Background: Neutrophil activation is a key pathological hallmark of acute lung injury yet bedside methods to identify the presence of activated neutrophils in the distal lung parenchyma remain elusive. Elucidating the cytokine, proteomic and lipidomic signatures of alveolar neutrophil transmigration in response to pulmonary injury has the potential to facilitate diagnostic and therapeutic advances.
Aims and objectives: Develop a signature library of neutrophilic influx in the distal human lung utilising an optical Neutrophil Activation Probe (NAP) fluorescent reporter coupled with fibre based fluorescence lifetime imaging (FLIM) and alveolar fluid cytokine, proteomic and lipidomic data.
Methods: Ex vivo human lungs declined for transplantation were ventilated and perfused. Lipopolysaccharide (LPS) was administered into a single lobe via the working channel of a flexible bronchoscope to induce lung injury. A bespoke delivery and imaging fibre (Panoptes, <2mm diameter) was deployed into the distal lung and fluorescent intensity/FLIM images were obtained pre- and post-delivery of NAP. Alveolar and bronchoalveolar lavage (AL, BAL) for cytokines, omics and tissue digest for flow cytometry were obtained.
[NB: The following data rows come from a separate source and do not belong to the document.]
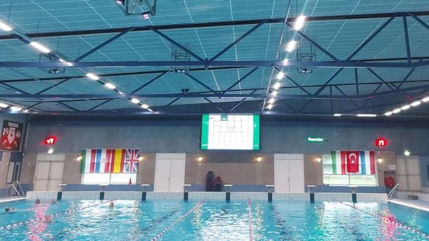 De vlaggen hangen: waterpolo Euro Cup Women in De Peppel Ede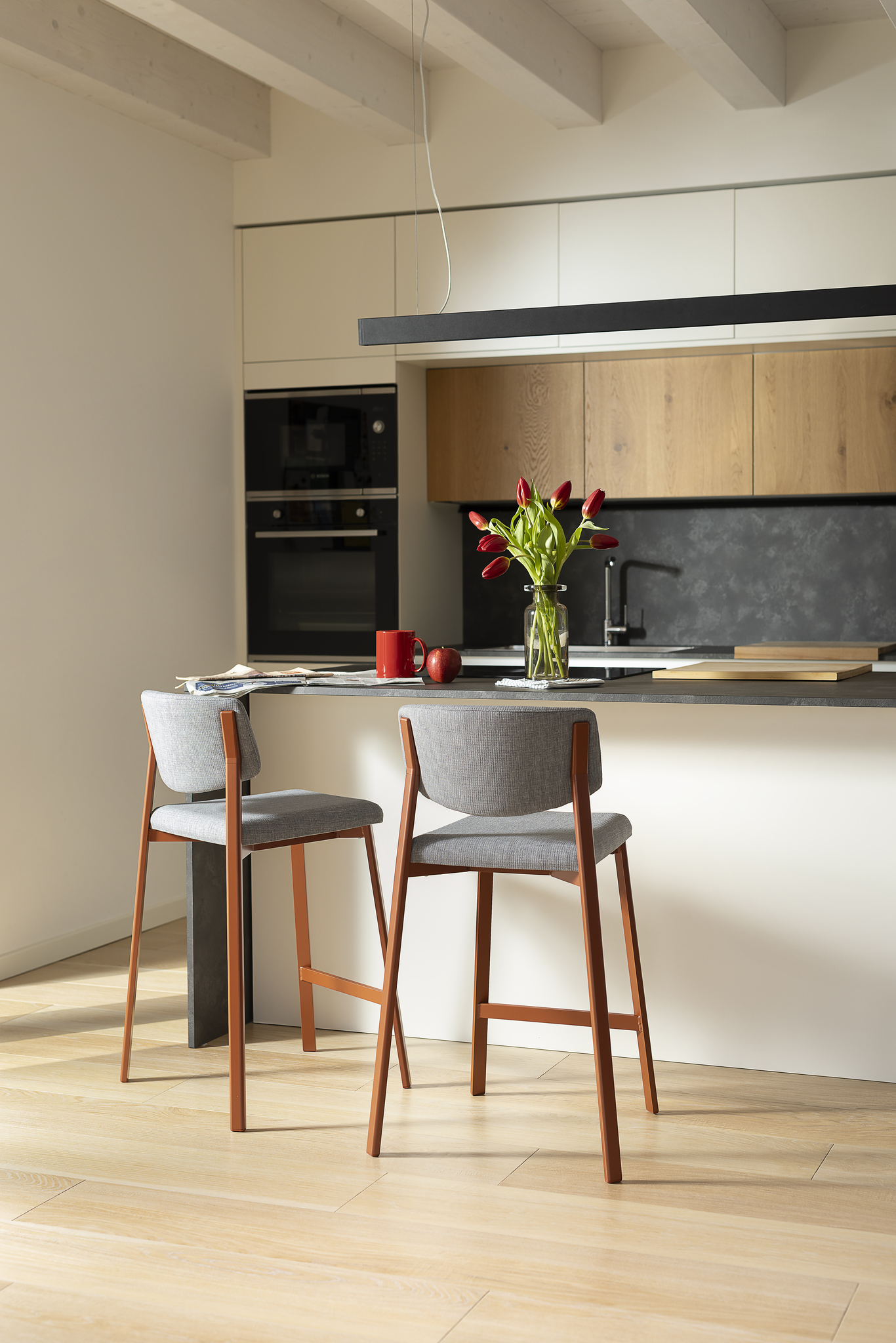 Sur demande, le tabouret peut être commandé avec un dossier en tissu Infinity et une assise dans le tissu de votre choix, ou avec un dossier en cuir Keen et une assise dans le tissu de votre choix.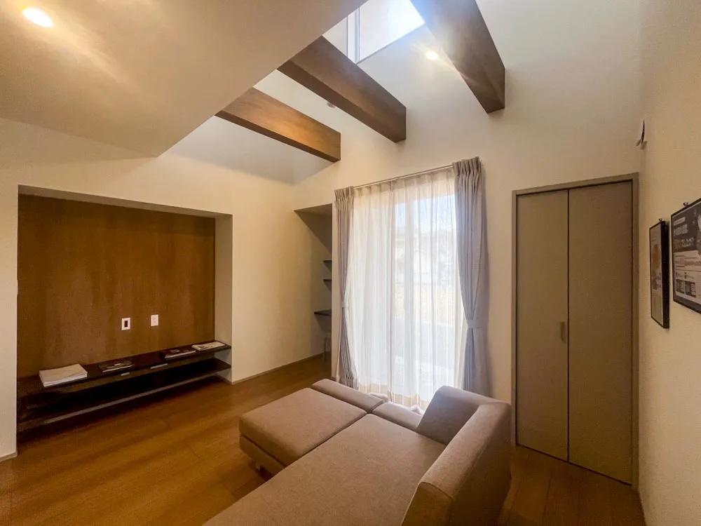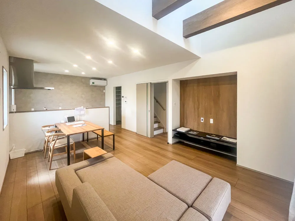 外観はベージュ。内観は白を基調とした落ち着いた雰囲気となっており、リビングに一部吹き抜けを設けることで、自然光がしっかりと差し込みます。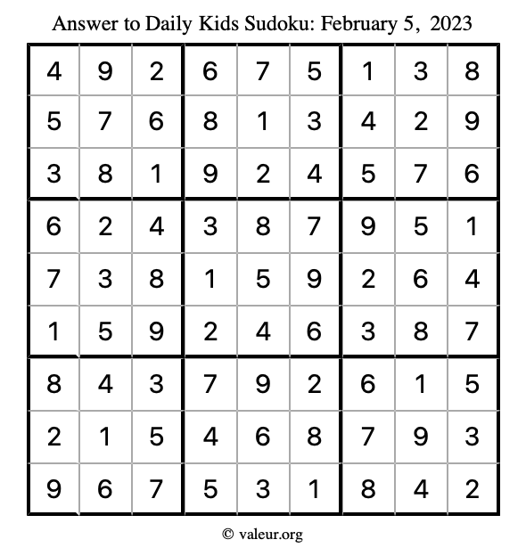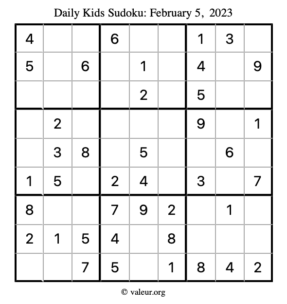 Kids Sudoku February 5, 2023 is not the only sudoku puzzle we have. We create a new kids sudoku puzzle every day for you to print and solve. Check out today's kids sudoku puzzle here!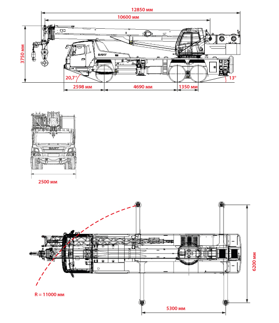| Мин. радиус поворота оголовка стрелы | 12,85 м |
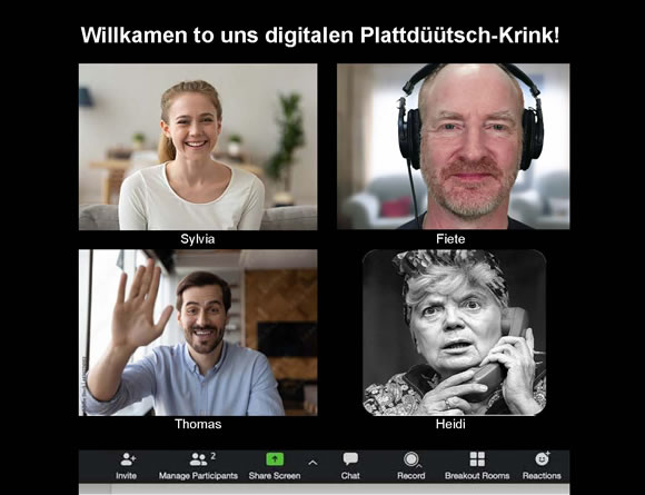 Wi sünd en Krink vun 25 Plattdüütschsnackers, de sick siet twee Johren jeed twete Week op Videolink drööpt, üm över verscheden Saken to snacken, praten un küren also en Twüschending mang AG un Stammdisch! Dat Besünnere: Dien Platt mutt nich perfekt sien wi sünd tomeist all eerst korte Tied Plattsnackers orr lehrt dat noch! Wi wüllt eenfach en beten Praxis hebben! Un: Dien Dialekt is ok egaal wenn düt hier nich "dien Platt" is, kaam liekers rin un snack mit! De Deelnahmers wahnt in verscheden Delen vun Düütschland, Skandinavien un Brasilgen, un wi hebbt uns al veertig Mal drapen. Jeedeen Deelnahmer kann egen Saken bidragen. Op düsse Wies hebbt wi to 'n Bispill al vun unse Hobbies vertellt, Geschichten leest, Böker vörstellt, Theater speelt, sungen un tosamen veel Pläseer hatt!
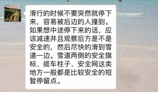 小编说:不要停留在雪道中间,雪道的两边相对安全!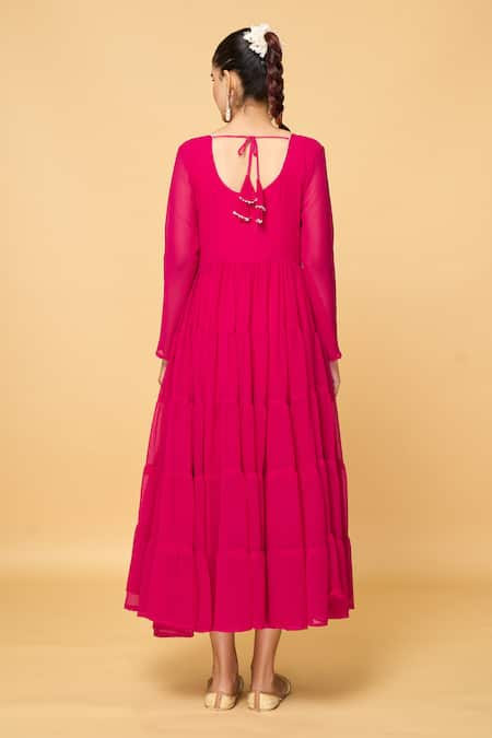 Pink solid anarkali featuring long sleeves and tiered design. Paired with a scallop border gota embroidered dupatta with floral burst motifs.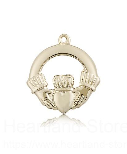 This Claggagh Medal is made of 14 Karat Gold. The jewelry pendant is sold as pictured and does not come with a chain. All medals are gift boxed in a light blue velvet jewelry box ready for gift giving.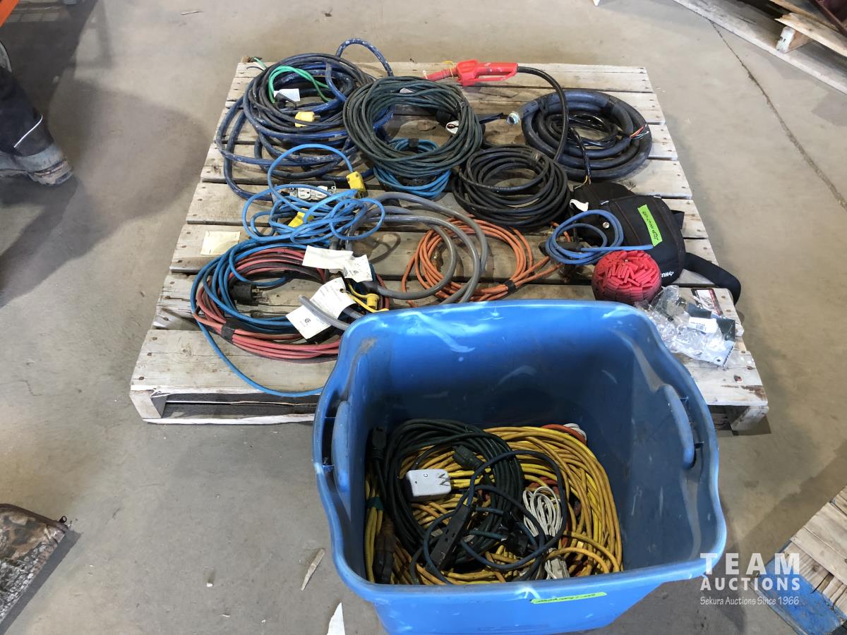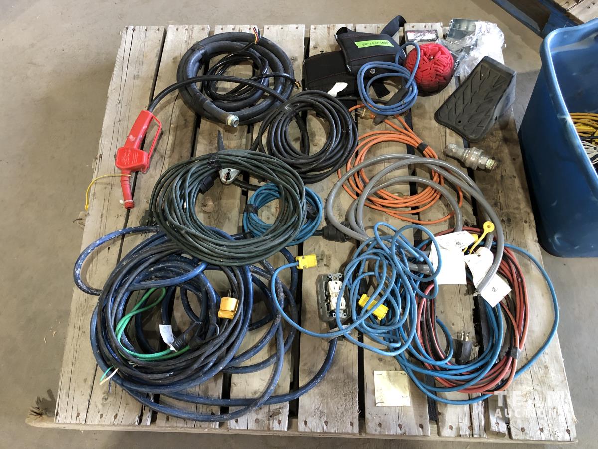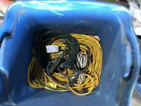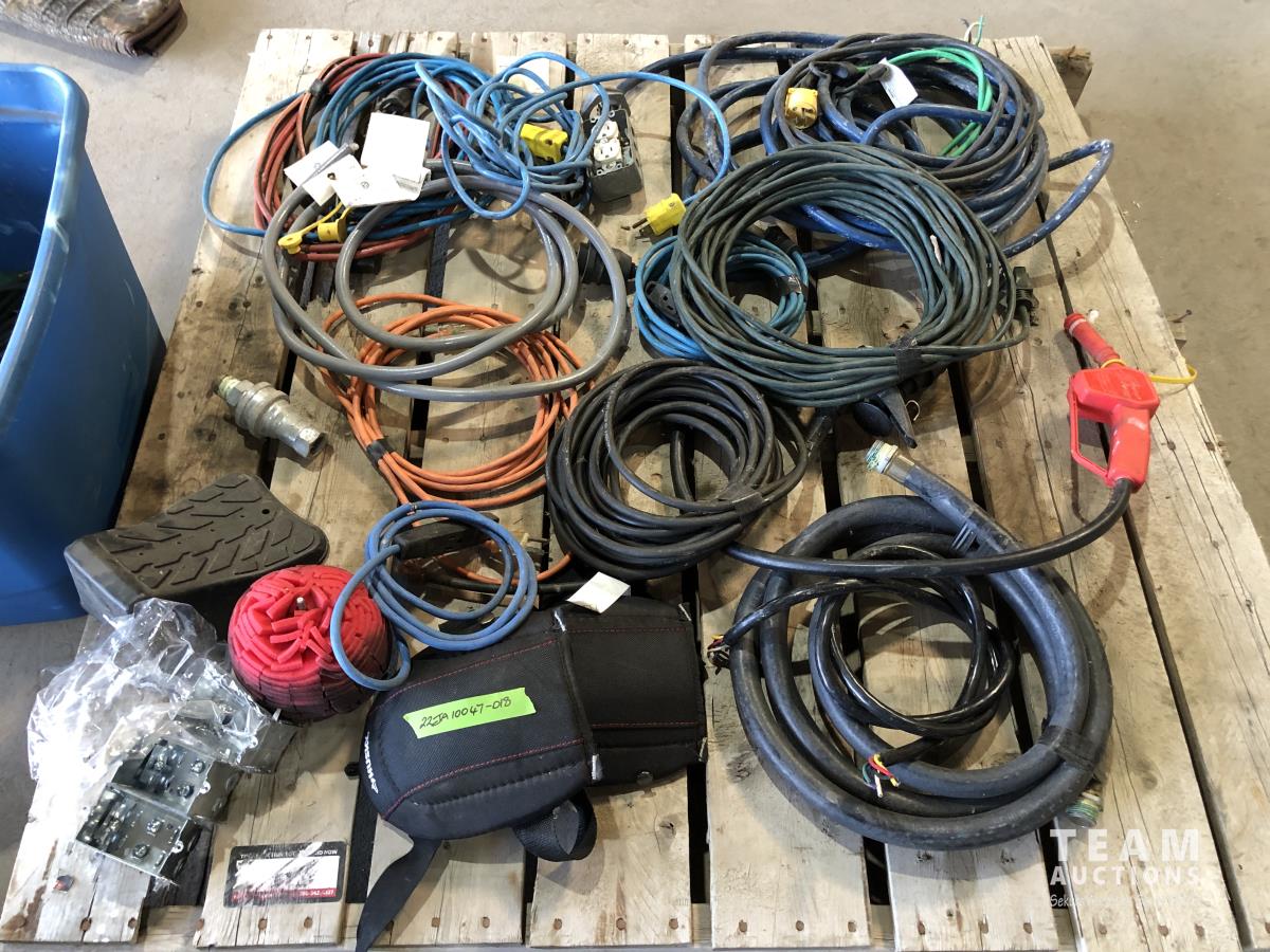 Qty of electric cables, buffing ball, knee pads, wheel chalk, (3) electric socket boxes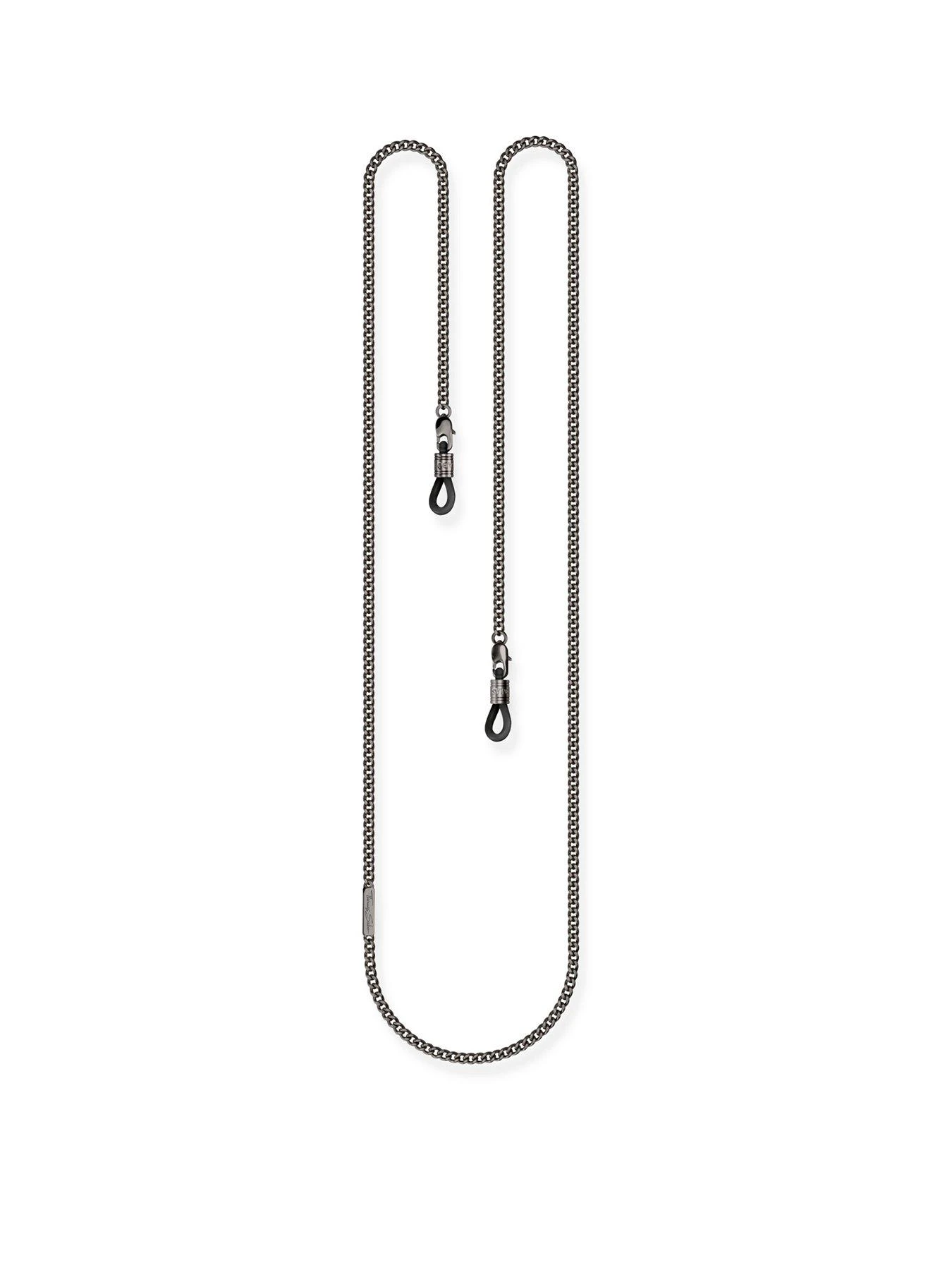 Metal eyewear chain with silicone loops at the ends to attach to the temples. The small metal elements of the silicone loops with THOMAS SABO logo can be moved so that the loop can be fixed easily and securely to any temple.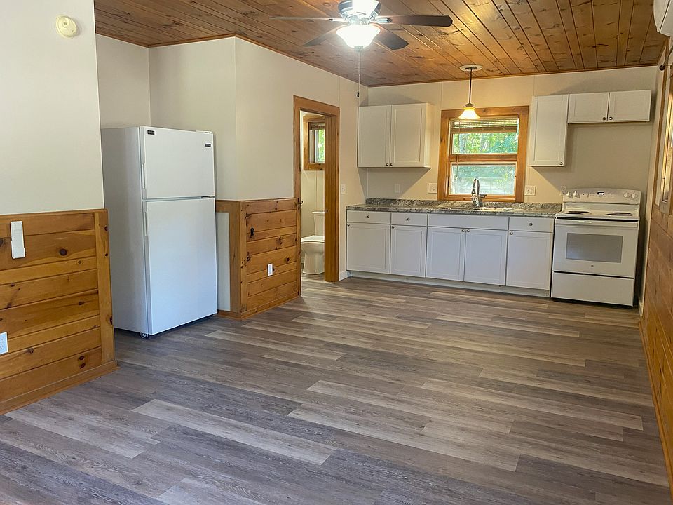 This great two-bedroom apartment is available for a September move-in! Recently updated, this unit has the best of both worlds - an updated kitchen and bathroom, with warm knotty pine walls and ceilings throughout, giving this unit a relaxed "cabin" feel. Enjoy a shaded front porch overlooking a quite yard and woods. Even better? The rent includes ALL utilities, even air conditioning and WiFi. The larger bedroom in the back (accessed through the bathroom) has a door to the outside. Plenty of storage with a large coat closet in the entry and large closets in each bedroom. The unit includes 2 off-street parking spots and shared outdoor space. This unit can welcome one cat or dog (max of one animal with $25/month fee.) There are no laundry facilities at the property, but there are three laundromats within a couple minutes drive. The property located at 1111 Roosevelt Trail in Windham has been converted to long-term residential apartments. This unit is within a 2-unit "cottage" at the back of the property, behind the larger apartment building, making it quiet and private. Enjoy the wonderful community, just a short drive to Tassel Top Park on Sebago Lake and all North Windham has to offer. Please reach out to Highgate Management to schedule a showing or for more information! 12 month lease required. Security deposit equal to one months rent required. All interested parties must go through our application process and be approved before being offered a lease.

Results: We observed a distinct change in optical signal in the LPS-treated lobe following NAP delivery, with a bespoke detection algorithm identifying a 7-fold increase in activated neutrophils. A distinct flow cytometry, cytokine and omics signature were also derived.
Conclusion: FLIM, Panoptes and NAP can identify neutrophil influx in the distal lung and AL can generate distinct omic and cytokine signatures. This platform could be used to identify inflammatory causes of pulmonary infiltrates as to guide stratified treatment.